Building up believers and the New Testament church

This is That

Commonly Asked Questions

Do I have to "tarry" for the Holy Ghost?

This question comes only out of wrong teaching. Nowhere in the Scriptures do we find, after the day of Pentecost, that the believer has to "tarry" to receive the Holy Ghost. The command Jesus gave his disciples to go tarry in Jerusalem until they were endued with power from on high, was given only because the Holy Ghost had not yet been given. The Scripture reveals that when the day of Pentecost was fully come, the Holy Ghost was given. We do not wait any longer for Him to come; He is here. Our part is to receive Him by faith.

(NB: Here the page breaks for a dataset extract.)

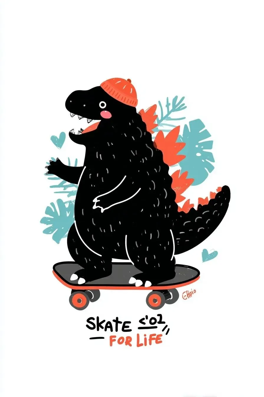 Kawaii Godzilla auf einem Skateboard. In koreanisch steht dabei Skate for Life. Motiv isoliert auf weißem

I will say that each believer needs to wait until he or she is endued with the power--the indwelling of the Holy Spirit--but you are not waiting for the Spirit to be given. If there is a time of waiting, it is for one reason: you are allowing your heart to be prepared to receive the promise of God, that you might be a witness unto Him. No believer has the right to try to be a witness or co-laborer with God until he or she has been filled--been baptized with the Holy Ghost.

God's pattern is for each member of the body of Christ to be filled. This is normal, not the exception. If the early disciples needed His power to do God's work, things have not changed today. We must receive power if we are to labor in God, and not in our own strength. The epistles of Paul, John, James, Jude, and Peter were written to Spirit-baptized (filled) believers. The Spirit-filled life was expected, not questioned. Today we need more believers and fewer doubters.

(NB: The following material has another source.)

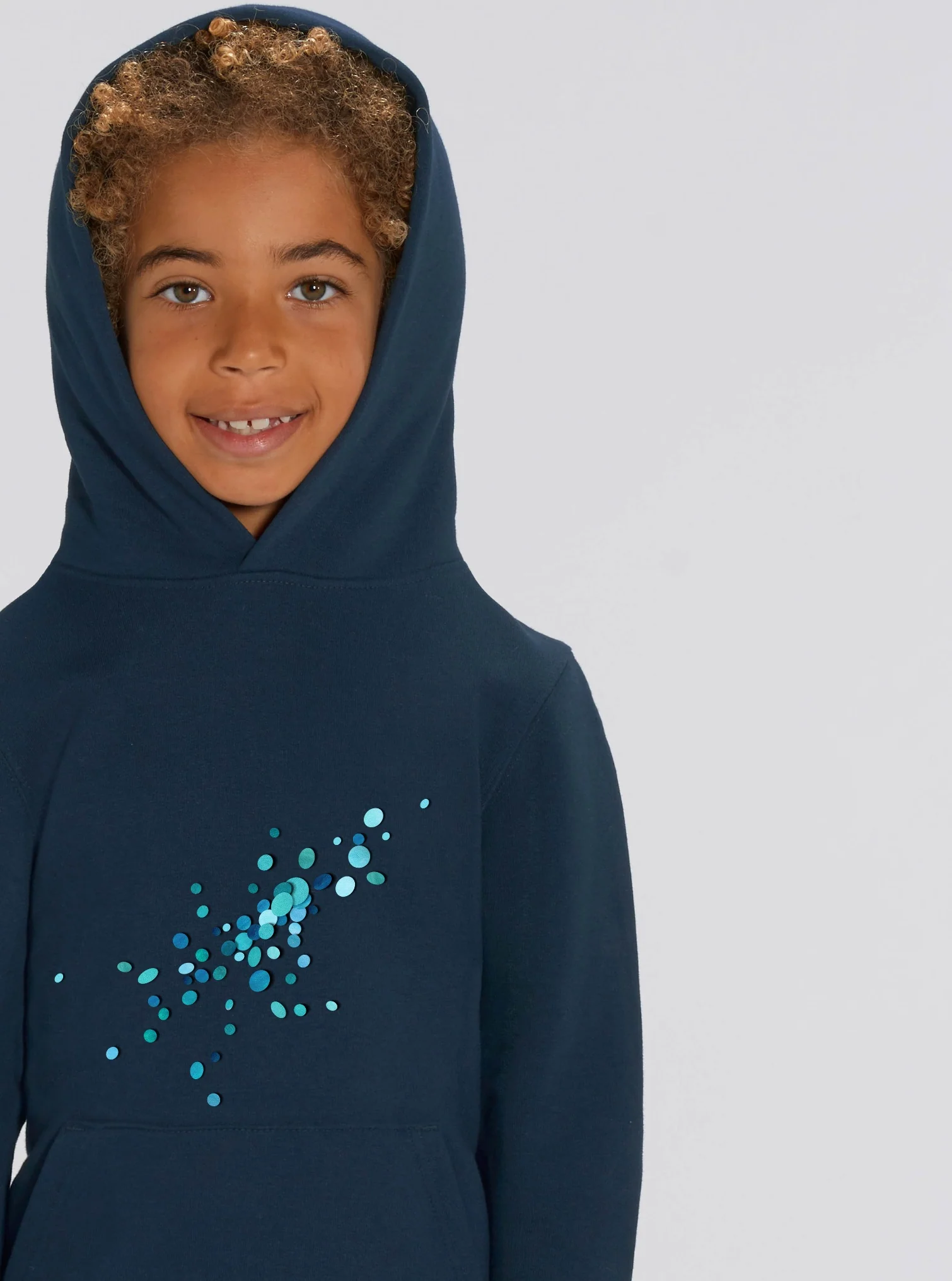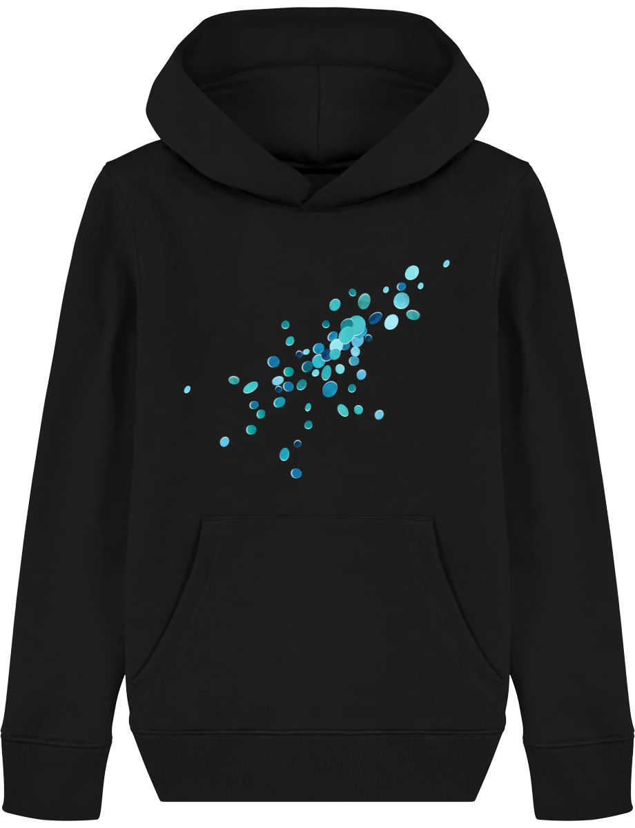 Sweat-shirt à capuche pour enfant en coton bio et polyester recyclé ultra doux.

Does the baptism of the Holy Ghost solve all my problems?

Will I be filled with joy all the time? Will my temper be done away with?

All these and many more questions are asked by the seeker. Scripture never tells us that the Holy Ghost is a cure-all. We are never told that when we receive the Holy Ghost we no longer have a will, or that we do not have to live by faith. We are told, "When He, the Spirit of truth is come, He will guide you into all truth." Jesus said, "I will pray the Father and He shall give you another Comforter, that He may abide with you forever" (John 14:16).

The Holy Ghost is God come to inhabit His temple, that our ability might be of God and not of man. John said, "The anointing which you have received of Him abideth in you, and ye need not that any man teach you: but as the same anointing teacheth you all things, and is truth, and is no lie, and even as it hath taught you, ye shall abide in Him" (I John 2:27).

The Spirit-filled life is always a walk of faith. The Spirit does not do away with our trials, but leads us through each one victorious. God has only one design, and that is that you be conformed to the image of His Son, not by imitation, but by being a partaker of His Word by faith. We are being built together for a habitation of God through the Spirit (Ephesians 2:22). The Spirit does not do away with our wills, passions or trials; but He does give us the ability to put our wills into God's will. Remember, God's design brings God's evidence and God's end results, "that they might be one" in God.

Justification is on the basis of what God has done for us. By faith we partake of what God has done, and this brings us to the ground of sonship. Now our standing is as sons. God has made every provision for our sonship. To be a son, one must be living in the life of God. Sonship is not separate from God, but in union with Him by the Spirit. Proof of sonship is that one is being moved or led by the Spirit.